Is your horse lame? Here’s how to tell

When animals get hurt, they do try to hide it. But still, there are ways you can tell if your horse is lame. As a horse owner, you ought to know your horse well, – like most owners – and spend some time checking the horse’s legs and hooves. Your horse will probably try not to place the affected limb on the ground in the normal, completely flat fashion, and also avoid bearing any weight on it. The following suggestions should help you know if a horse is lame:

Standing

While your horse is in the stall, observe for a while his hooves as he stands. Do you notice anything unusual? By observing carefully how he is standing, you can get your first hint of a problem. Usually, a hurting limb will be placed loosely on the floor, without supporting any weight, and it is likely that your horse will lean towards the side of the hurt limb. And it is not hard to tell which hoof/leg is hurting, since it will slightly bend off so as to avoid the weight from mounting on it. Even if the bruise could be temporary, you should still have a look at it.

Walking

If you believe that one your horse’s limbs could be hurt, then it would be advisable to take him out of the stall and have a little walk with him on the outside. Keep an eye on the limb that you suspect could be hurt while he walks. You’ll tell that he’s lame if it appears difficult for him to place the hoof on the ground – hesitation in doing this is a clear sign that his hoof or leg is hurt. Your horse will change his usual style of walking and this will be the indication you will be looking for.

Trotting

This is probably the easiest way to tell if your horse is lame, or about to go lame. Lame horses usually throw back and forth their heads in a rhythm that matches the stride (instead of how the head usually follows when he is normal). Trotting him will help you easily identify which limb is affected. You’ll realize that his trot is no longer the same, and the side that’s hurt tends to be favored. This is your horse’s way of trying to shake off any weight from being placed on the limb that hurts. And even if you can pinpoint the exact spot that is hurting on the limb, you’ll still veterinarian’s expertise to be able to confirm it.

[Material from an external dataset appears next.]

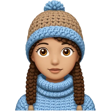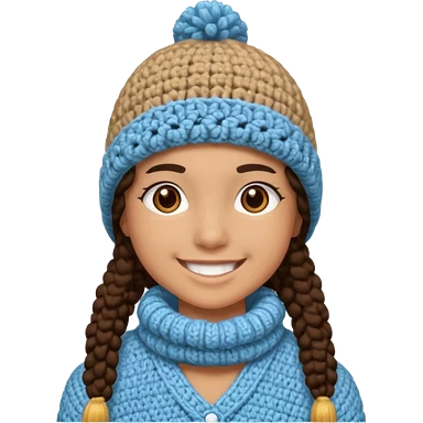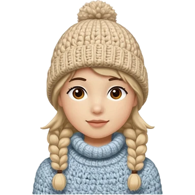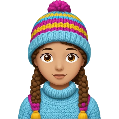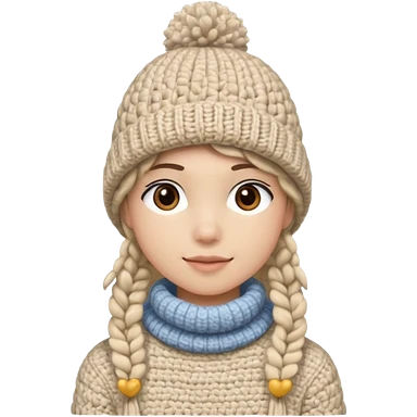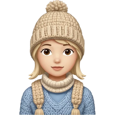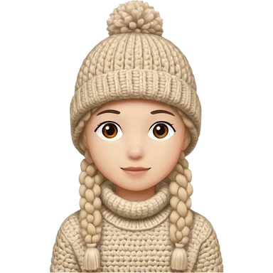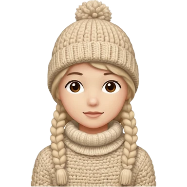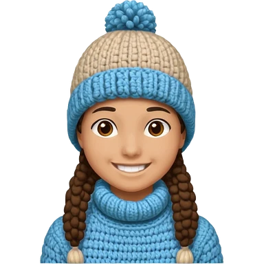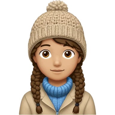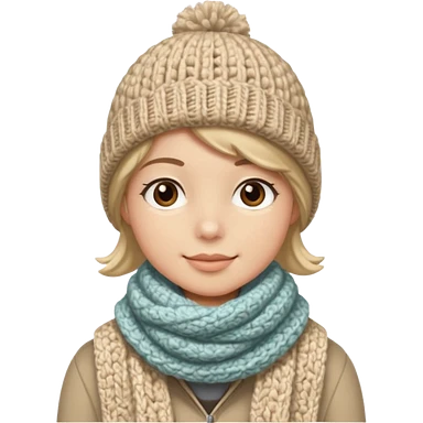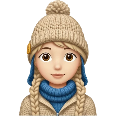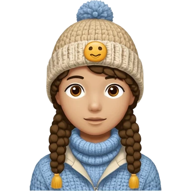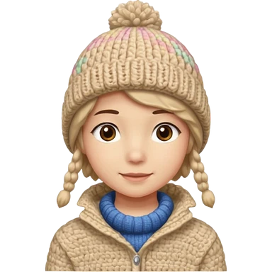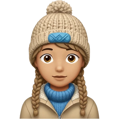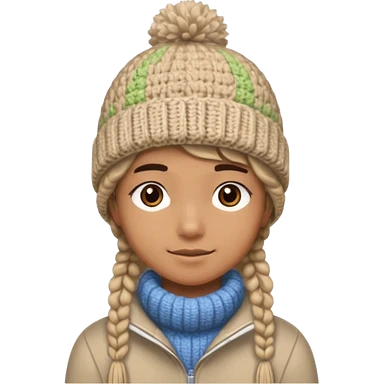 high school student wearing a crochetted winter hat. the hat should be an oatmeal color and texture emoji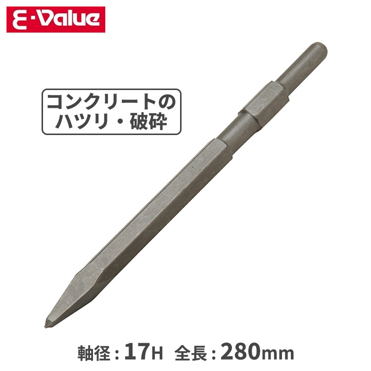 E-Value 六角軸 ブルポイント 17Hx280mm コンクリート ハツリ作業 破砕作業 はつり 斫り

A horse is not only a precious animal, but it could also be a lifelong companion. If you do understand your horse well enough, then it should not take you much time to tell when something just doesn’t seem right. In most instances, your horse cold become lame temporarily but there still are some serious cases to look out for. If you notice any signs of lameness, check with the veterinarian immediately so you and your horse can get the assistance you need.